The pressure exerted by sunlight is small but continuous and has a greater effect on a hollow object than on a solid one. A spent rocket is essentially a hollow tube, and is therefore a low-density object with a large surface area. Therefore, it will be pushed by the pressure of solar radiation more than a high-density solid rock mass, just as an empty can will be blown by the wind more than a pebble.

“The pressure of solar radiation is a non-gravitational force caused by photons of light emitted by the Sun hitting a natural or artificial object,” said Davide Farnocchia, a navigation engineer at JPL, who analyzed the 2020 SO trajectory for CNEOS . “The resulting acceleration on the object depends on the so-called area-to-mass ratio, which is higher for small, light and low-density objects.”

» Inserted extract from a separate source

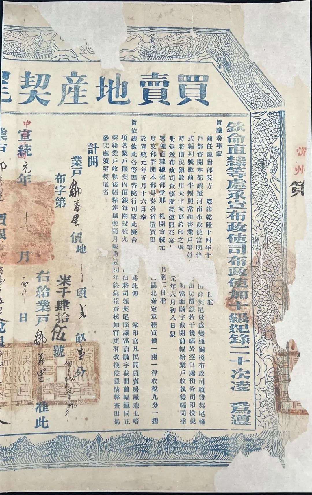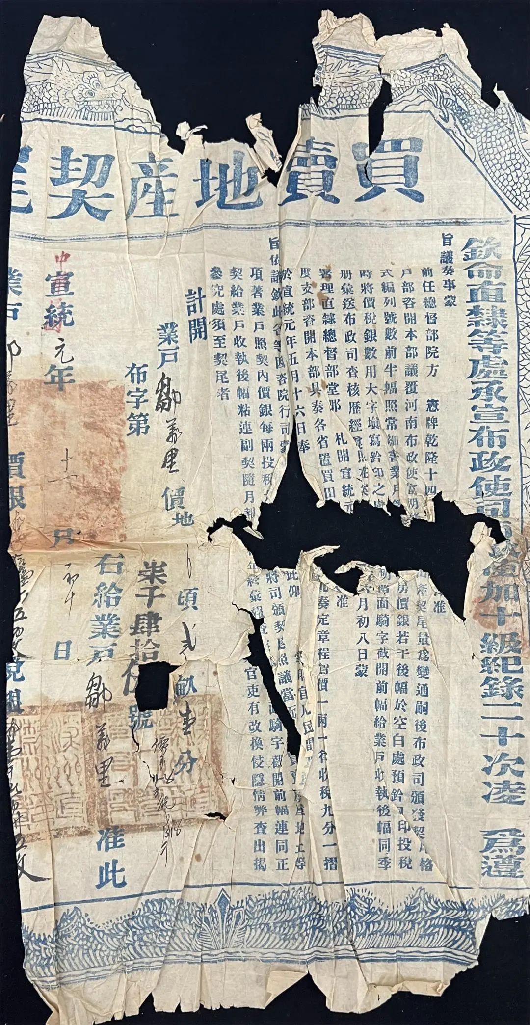 此地契为宣统元年十一月初十日买卖地产契,因其带有龙纹,又被称为“龙契”。“宣统元年处盖有“中华民国”戳记,推测该契为残契,在民国时期统一制度的新契纸缺失。根据契文“铃印之处《缺失),明当面骑字截开前幅给业户收执,后幅同季册汇送布政司查核”可推断,该契纸存在另外一半契纸,因被截开导致该契的形状为近似长方形的不规则四边形,其作用在于防伪、验证为了保持原有的防伪作用,在修复时并未将此契补齐为长方形,而是保持其不规则的状态,该地契的主要修复难点在于破损处面积较大、褶皱较多,且纸张存在变形情况。因为破损面积大,所以需要慎重选择补纸。该契纸的纸张为深黄色宣纸,在选择补纸时采用了于该契纸颜色相近、薄厚相近、材质相近的纸张,补纸的原色与契纸相近,因此并未选操染纸。在测试了印章、文字的润色后确定该契纸无酒色情况后,为了满足展览装镜框的需求,选择了托袜的方式修复。在修复时,先从最中间的缺失开始修复,先喷少量的水,使契纸保持在一种微潮的状态下展开纸张皱褶处。地契的用纸相较于书画用纸更薄,在有皱褶的情况下使用过多的水会加大其修复难度,但如果水量大少,皱裙伸展后又会重新缩回,因此水分的控制在地契的修复过程中非常重要。该契纸在伸展过程中出现了伸展不开的情况,这是由于该地契在印刷过程中因为印刷的压力产生的变形的情况。因此在修复过程中不能太湿,防止其过度伸展,无法伸展开的地方保持原样,不要过多拉扯导致整张地契变形。修复好后托裱、上墙绷平,干后方裁、入框。

With the analysis of more than 170 detailed measurements of the 2020 SO position over the past three months, including observations from the NASA-funded Catalina Sky Survey in Arizona and the ESA Optical Earth Station (European Space Agency) in Tenerife, the pressure impact of solar radiation became evident and confirmed the low-density nature of 2020 SO. The next step was to figure out where the supposed booster rocket could have come from.

The Surveyor 2 lunar lander was launched to the moon on September 20, 1966 on an Atlas-Centaur rocket. The mission was designed to examine the lunar surface prior to the Apollo missions which resulted in the first manned lunar landing in 1969. Shortly after takeoff, the Surveyor 2 separated from the Centaur upper stage thruster as intended. But control of the spacecraft was lost the next day when one of its thrusters failed to fire, causing it to spin. The spacecraft crashed into the moon just southeast of the Copernicus crater on September 23, 1966. Meanwhile, the depleted upper stage of the Centaur rocket passed in front of the Moon and disappeared into an unknown orbit around the Sun.

Suspecting that the 2020 SO was a remnant of an ancient lunar mission, CNEOS director Paul Chodas “turned the clock back” and orbited the object to determine where it had been in the past. Chodas found that the 2020 SO had gotten a little closer to Earth several times over the decades, but the 2020 SO approach in late 1966, according to their analysis, would have been close enough to originated on Earth.

“One of the possible paths for 2020 SO brought the object very close to the Earth and the Moon in late September 1966,” Chodas said. “It was like a eureka moment when a quick review of the lunar mission launch dates showed a match to the Surveyor 2 mission.”

Now, in 2020, the Centaur appears to have returned to Earth for a brief visit. On November 8, 2020, SO slowly slipped into the sphere of Earth’s gravitational domain, a region called the Hill sphere that extends approximately 1.5 million kilometers from our planet. It is there that 2020 SO will remain for about four months before it escapes again into a new orbit around the Sun in March 2021.

Before leaving, 2020 SO will do two major tours around our planet, with its closest approach on December 1st. During this time, astronomers will take a closer look and study its composition using spectroscopy to confirm whether 2020 SO is indeed an early space age artifact.